Required action - Within the listing below, give again exactly the lines between the one containing "Dragon Nest Butterfly" and the one containing "Наверно, каждая домохозяйка", inclusive, pictures left aside.

┌──

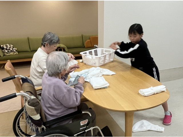 洗濯物がたまれば、一緒に畳みます。
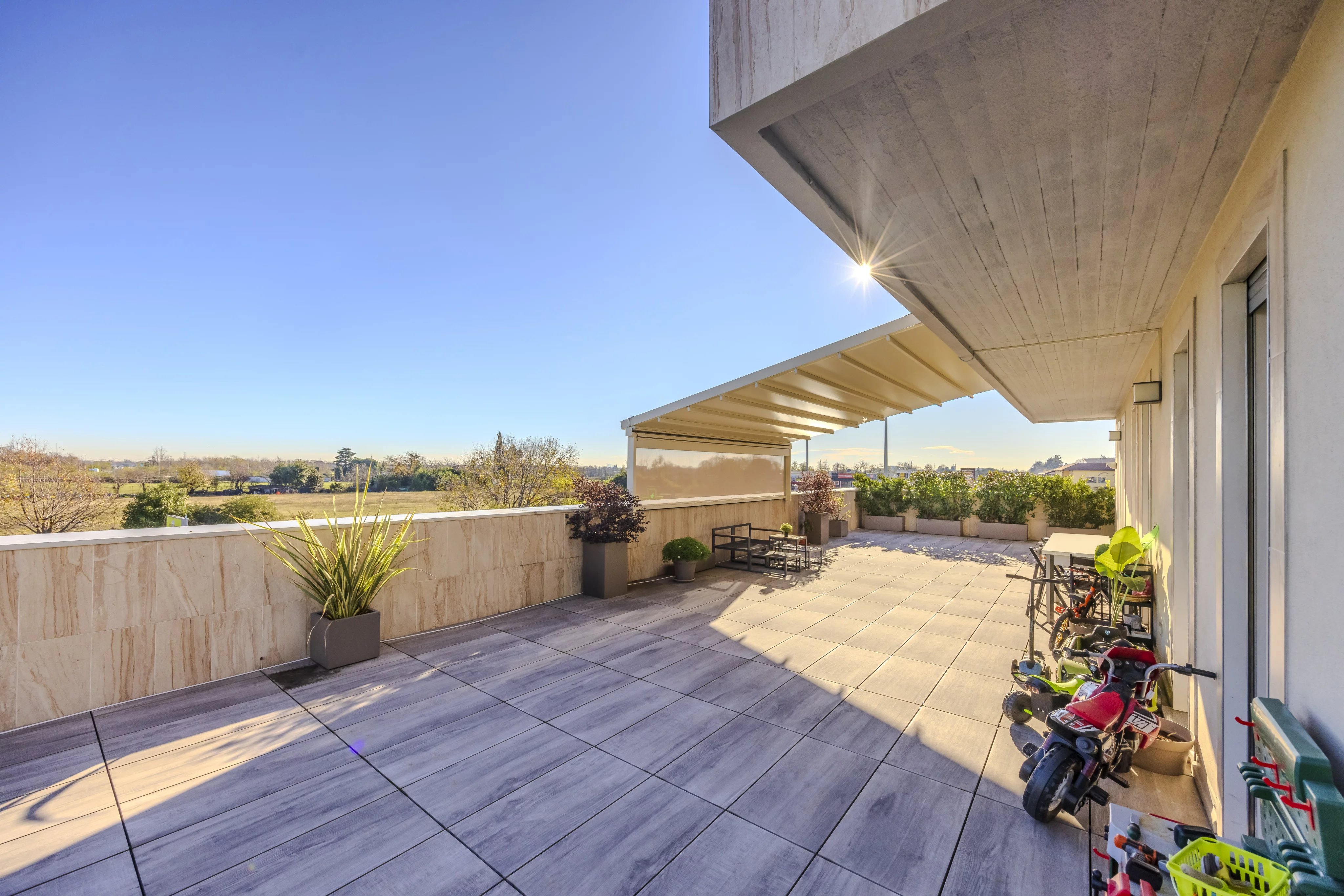 L’alloggio è caratterizzato da un ampio ingresso, soggiorno luminoso con angolo cottura, due spaziose camere da letto, studio utilizzabile come terza camera, un ripostiglio/guardaroba che all’occorrenza può essere trasformato in un ulteriore studio, oltre a un terrazzo vivibile. Terrazzo principale di 165 mq, con accesso diretto dalla zona giorno e da entrambe le camere, perfetto per pranzi all’aperto e momenti di relax, ideale per chi ama gli spazi esterni e desidera una vera estensione dell’abitazione.
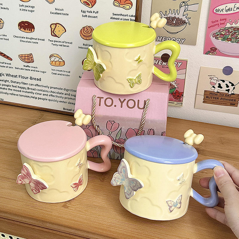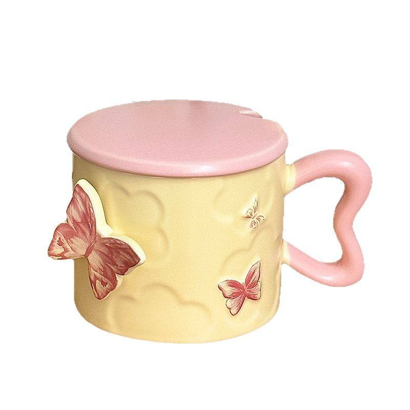 Dragon Nest Butterfly Ceramic Mug With Lid And Spoon 301-400ml Heat Resistant Cup For Girls Gift Present
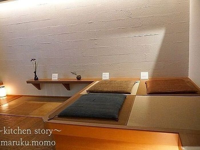 水の音を聞き、ちゃぶ台で、好きな飲み物を飲みます。
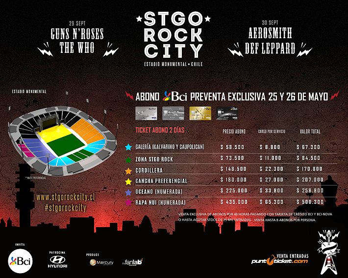 SANTIAGO.- Las coordenadas para uno de los mayores eventos musicales del año ya están definidas. El próximo 29 y 30 de septiembre el Estadio Monumental acogera a Guns N' Roses, The Who, Aerosmith y Def Leppard en la primera versión del Festival Stgo Rock City.
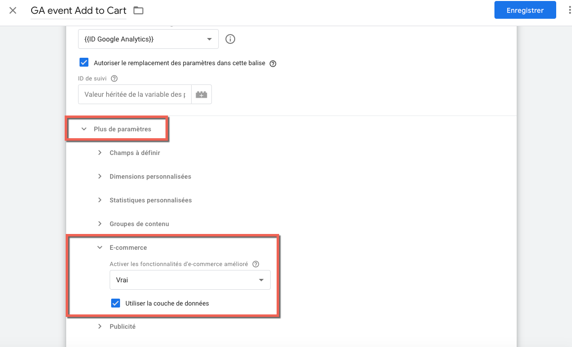 6 - In more settings, select E-commerce. In Enable Enhanced Ecommerce Features select True then check use data layer.
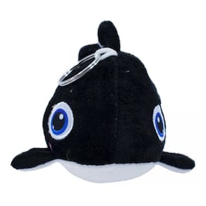 Chaveiro com enfeite de pelúcia em forma de baleia Orca com bochechas rosadas. Material: poliéster; Enchimento: fibra de poliéster Dimensões aproximadas altura 12 cm, largura 13 e comprimento 15 cm com a cauda levantada. Certificado: Produto certificado pelo ICEPEX, Órgão acreditado pela CGCRE do INMETRO.
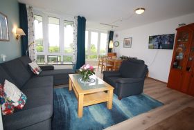 Sie wohnen in einem 3-Zimmer-Appartement für bis zu 4 Personen auf ca. 66 m² Wohnfläche, die über zwei Ebenen verteilt ist.
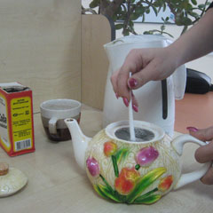 Наверно, каждая домохозяйка сталкивалась с этой проблемой - как очистить от заварочного налета носик чайника. Это особенно сложно сделать, если носик у чайника тоненький, изогнутый и отгорожен от основного сосуда стенкой с дырочками. Недавно в одной из телепередач для домохозяек рекламировали очень легкий способ для чистки чайника, который якобы не требует никаких усилий. Мы решили его испытать.
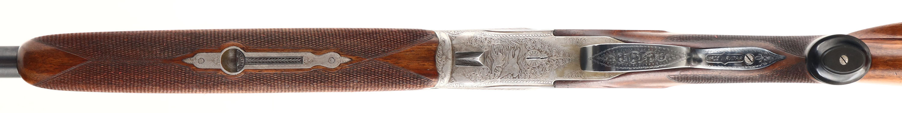 Franz Sodia, Ferlach, CAL: 12 GA, MFG: 1950's, SN: 2916, Break Action O/U Shotgun, 28 1/2'' barrels. The original, checkered, beaded cheek, & capped pistol grip wood stock & three piece forend are excellent, displaying minor contusions & surface scrapes to the finish. The metal blue finish on barrels rates 95% overall, with light scuffs & blemishes. The receiver is coin silver. The entirety of the receiver, trigger guard, break lever, forend metal components & screws are all beautifully & intricately hand engraved. The receiver displays multiple game scenes; on the left a pointer & two quail, on the right a fox & two woodcocks, on the bottom two mallards, as well as a variety of ornamental scroll work. Bores are excellent. The solid rib holds a single front bead. Buttstock carries a solid black rubber recoil pad. Sling loops present. Double triggers. A truly outstanding example of a high grade Austrian shotgun. FFL or C&R Req. - Value: 1500 to 2500
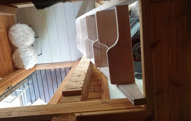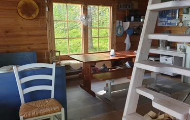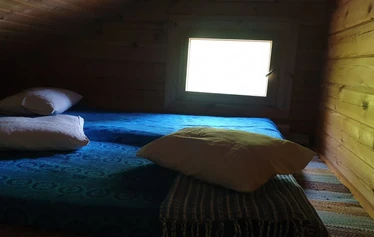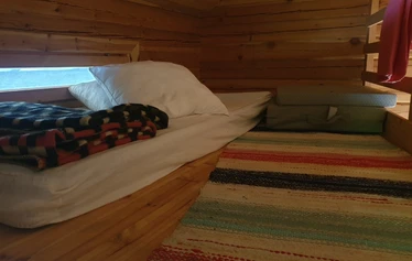 Mökissä on parvella patjat neljälle (katso kuvat). Lisävuodetta (alhaalla) käytettäessä maksimiyöpyjämäärä 5 hlö. Liinavaatteet tilauksesta tarvittaessa 15€ / hlö.

└──

Response to the exercise -
 Dragon Nest Butterfly Ceramic Mug With Lid And Spoon 301-400ml Heat Resistant Cup For Girls Gift Present
 水の音を聞き、ちゃぶ台で、好きな飲み物を飲みます。
 SANTIAGO.- Las coordenadas para uno de los mayores eventos musicales del año ya están definidas. El próximo 29 y 30 de septiembre el Estadio Monumental acogera a Guns N' Roses, The Who, Aerosmith y Def Leppard en la primera versión del Festival Stgo Rock City.
 6 - In more settings, select E-commerce. In Enable Enhanced Ecommerce Features select True then check use data layer.
 Chaveiro com enfeite de pelúcia em forma de baleia Orca com bochechas rosadas. Material: poliéster; Enchimento: fibra de poliéster Dimensões aproximadas altura 12 cm, largura 13 e comprimento 15 cm com a cauda levantada. Certificado: Produto certificado pelo ICEPEX, Órgão acreditado pela CGCRE do INMETRO.
 Sie wohnen in einem 3-Zimmer-Appartement für bis zu 4 Personen auf ca. 66 m² Wohnfläche, die über zwei Ebenen verteilt ist.
 Наверно, каждая домохозяйка сталкивалась с этой проблемой - как очистить от заварочного налета носик чайника. Это особенно сложно сделать, если носик у чайника тоненький, изогнутый и отгорожен от основного сосуда стенкой с дырочками. Недавно в одной из телепередач для домохозяек рекламировали очень легкий способ для чистки чайника, который якобы не требует никаких усилий. Мы решили его испытать.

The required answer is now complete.